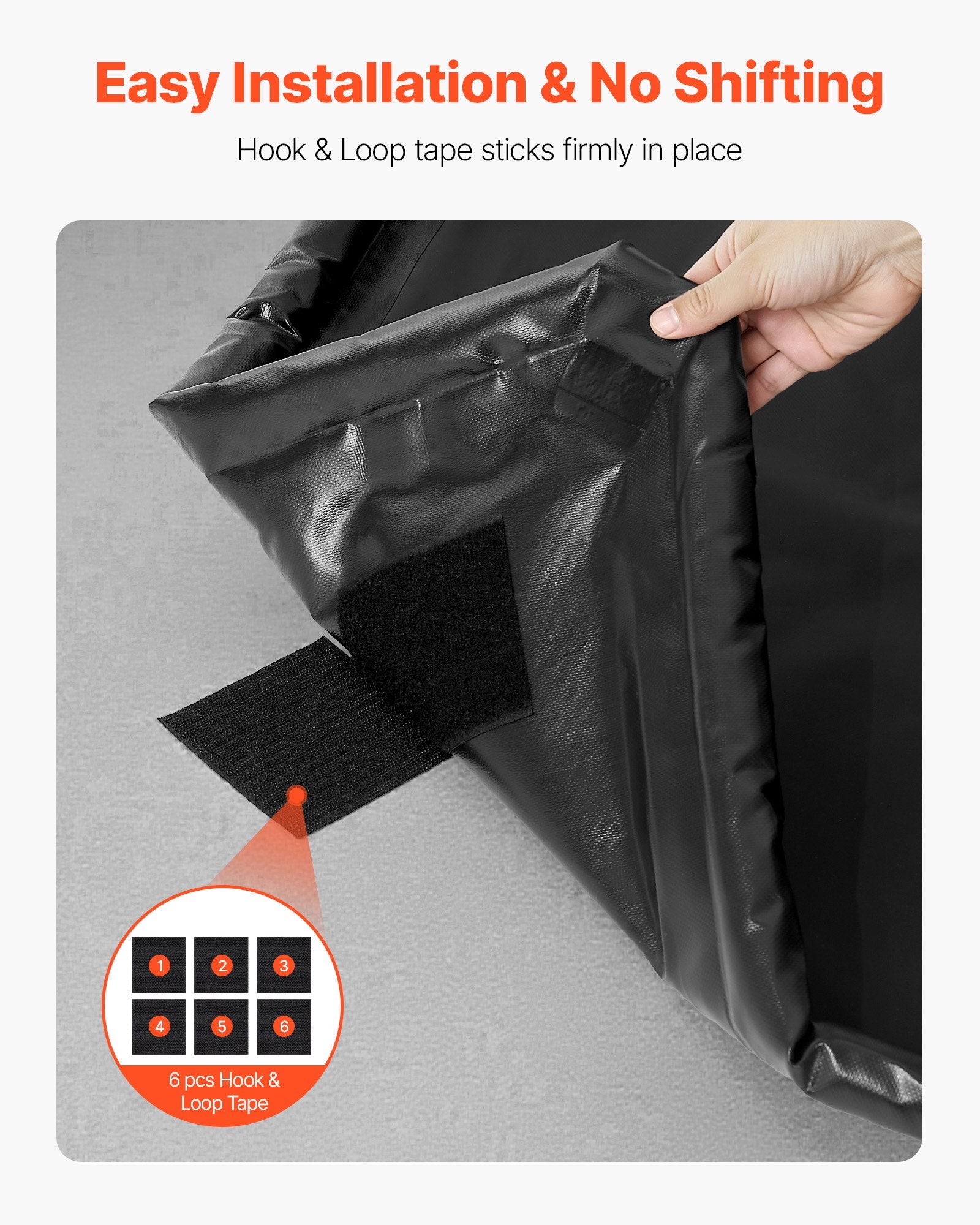 - Einfache Installation: Die Wasserauffangmatte verfügt über ein Klettverschlusssystem mit sechs 10 x 10 cm großen Stücken, die sie fest am Boden fixieren. Sie lässt sich von einer Person ohne Werkzeug oder fremde Hilfe einfach aufstellen oder versetzen.
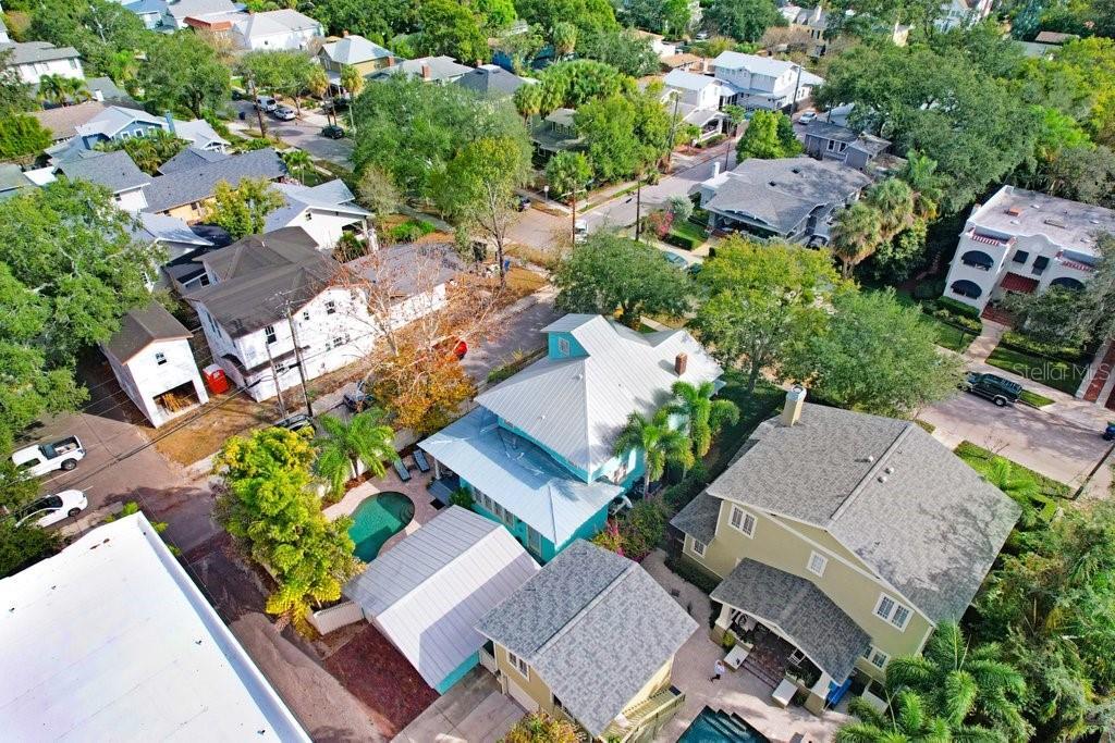 Welcome to 1801 W Hills Ave, a beautifully renovated historic residence in the heart of Hyde Park, situated on a desirable corner lot. This 3-bedroom, 2.5-bath home blends timeless character with modern convenience and features a wraparound porch, private pool, metal roof, and a larger-than-average 2-car garage with rear alley access. Believed to have been originally constructed around 1910, the home was purchased by the current owners in 2003 and subsequently fully renovated in collaboration with the Architectural Review Committee (ARC) to preserve its historic integrity while incorporating modern updates throughout. The living room highlights exceptional original details, including a horsehair and plaster decorative border with gold leaf trim and a plaster stipple ceiling, showcasing the craftsmanship of the era. The thoughtfully designed floor plan offers spacious living and dining areas ideal for everyday living and entertaining, along with three well-appointed bedrooms and two and a half baths. A distinctive architectural feature of the home is the cupola, which provides a unique and versatile space suitable for a small bedroom, office, or private hideaway. Additional features include two fireplaces (one gas and one wood-burning), new air conditioning units, and a layout that is truly move-in ready. Outdoor living is enhanced by the wraparound porch and a private backyard retreat with a pool. The detached garage is conveniently accessed via the alley. Approved plans to add an accessory dwelling unit (ADU) above the garage are available upon request, offering future flexibility for guests, rental income, or a home office (buyer to verify zoning and permitting). The property is not located in a flood zone and sits at an approximate elevation of 25 feet above sea level. The home and surrounding street have not experienced flooding during past storm events. Ideally located just minutes from Hyde Park Village, Bayshore Boulevard, Downtown Tampa, and South Tampa’s premier dining and shopping, this exceptional residence offers historic charm, thoughtful renovations, and an outstanding South Tampa location.
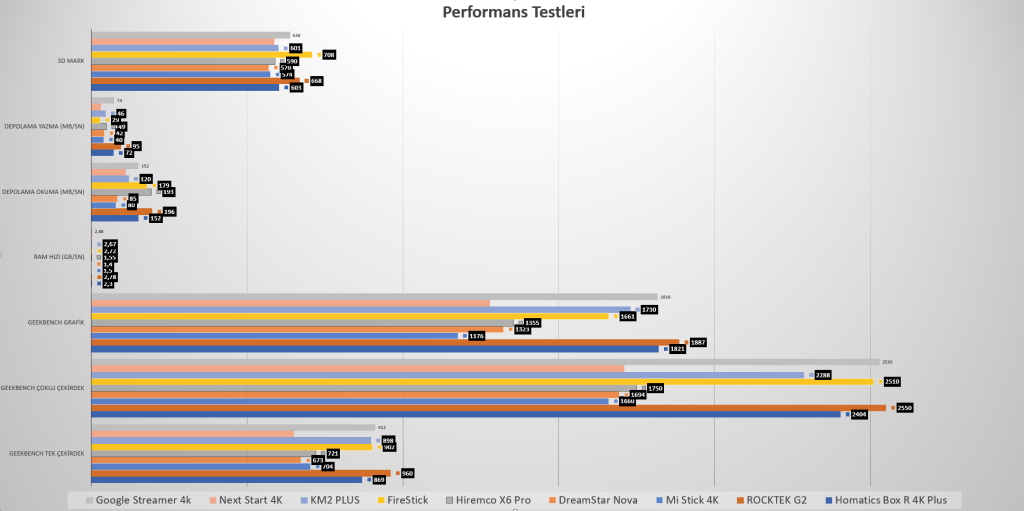 Cihazın benchmark testleri aşağıdaki gibidir.
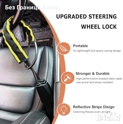 Нова Тежка заключалка за волан с отразителна лента универсална Антикражбена за кола
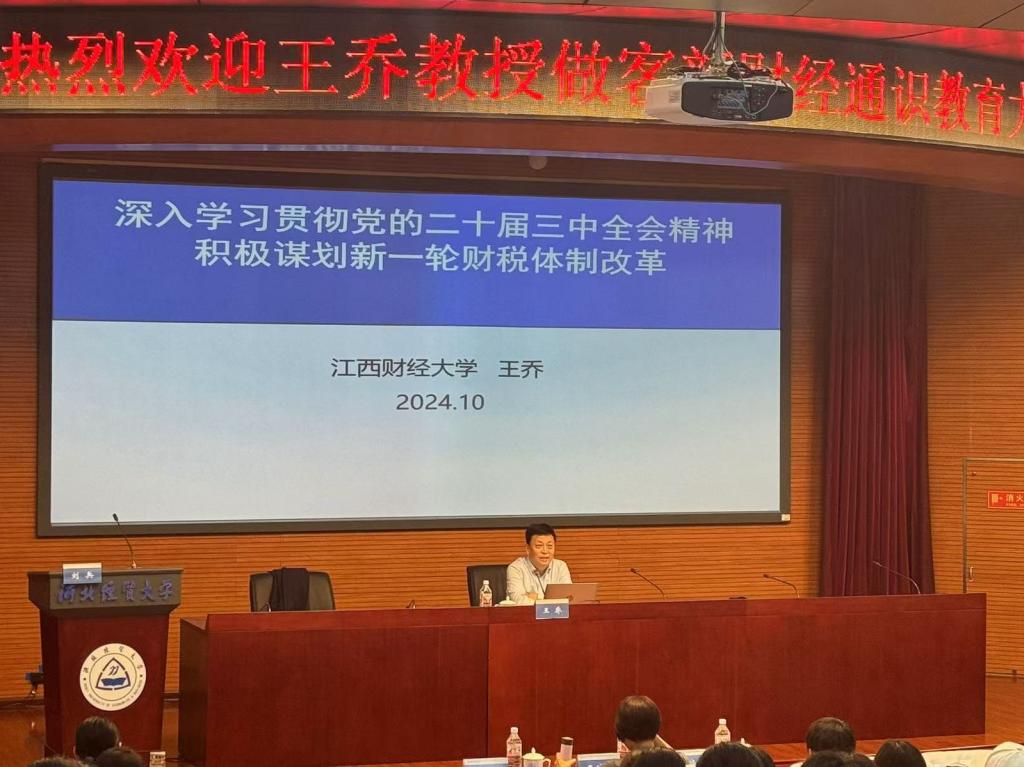 10月14日,我校太阳集团网tyc9728与河北财政经济与公共政策研究基地联合举办题为“深入学习贯彻党的二十届三中全会精神——积极谋划新一轮财税体制改革”的学术讲座,江西财经大学党委原书记王乔教授应邀来校作报告。我校党委书记刘兵主持讲座,太阳集团网tyc9728、图书馆负责人及全校各学院师生近300人到场聆听。

##############################

TRY IT: Copy every line above exactly, leaving no picture in the copy.

RESPONSE TO THIS EXERCISE:
 - Einfache Installation: Die Wasserauffangmatte verfügt über ein Klettverschlusssystem mit sechs 10 x 10 cm großen Stücken, die sie fest am Boden fixieren. Sie lässt sich von einer Person ohne Werkzeug oder fremde Hilfe einfach aufstellen oder versetzen.
 Welcome to 1801 W Hills Ave, a beautifully renovated historic residence in the heart of Hyde Park, situated on a desirable corner lot. This 3-bedroom, 2.5-bath home blends timeless character with modern convenience and features a wraparound porch, private pool, metal roof, and a larger-than-average 2-car garage with rear alley access. Believed to have been originally constructed around 1910, the home was purchased by the current owners in 2003 and subsequently fully renovated in collaboration with the Architectural Review Committee (ARC) to preserve its historic integrity while incorporating modern updates throughout. The living room highlights exceptional original details, including a horsehair and plaster decorative border with gold leaf trim and a plaster stipple ceiling, showcasing the craftsmanship of the era. The thoughtfully designed floor plan offers spacious living and dining areas ideal for everyday living and entertaining, along with three well-appointed bedrooms and two and a half baths. A distinctive architectural feature of the home is the cupola, which provides a unique and versatile space suitable for a small bedroom, office, or private hideaway. Additional features include two fireplaces (one gas and one wood-burning), new air conditioning units, and a layout that is truly move-in ready. Outdoor living is enhanced by the wraparound porch and a private backyard retreat with a pool. The detached garage is conveniently accessed via the alley. Approved plans to add an accessory dwelling unit (ADU) above the garage are available upon request, offering future flexibility for guests, rental income, or a home office (buyer to verify zoning and permitting). The property is not located in a flood zone and sits at an approximate elevation of 25 feet above sea level. The home and surrounding street have not experienced flooding during past storm events. Ideally located just minutes from Hyde Park Village, Bayshore Boulevard, Downtown Tampa, and South Tampa’s premier dining and shopping, this exceptional residence offers historic charm, thoughtful renovations, and an outstanding South Tampa location.
 Cihazın benchmark testleri aşağıdaki gibidir.
 Нова Тежка заключалка за волан с отразителна лента универсална Антикражбена за кола
 10月14日,我校太阳集团网tyc9728与河北财政经济与公共政策研究基地联合举办题为“深入学习贯彻党的二十届三中全会精神——积极谋划新一轮财税体制改革”的学术讲座,江西财经大学党委原书记王乔教授应邀来校作报告。我校党委书记刘兵主持讲座,太阳集团网tyc9728、图书馆负责人及全校各学院师生近300人到场聆听。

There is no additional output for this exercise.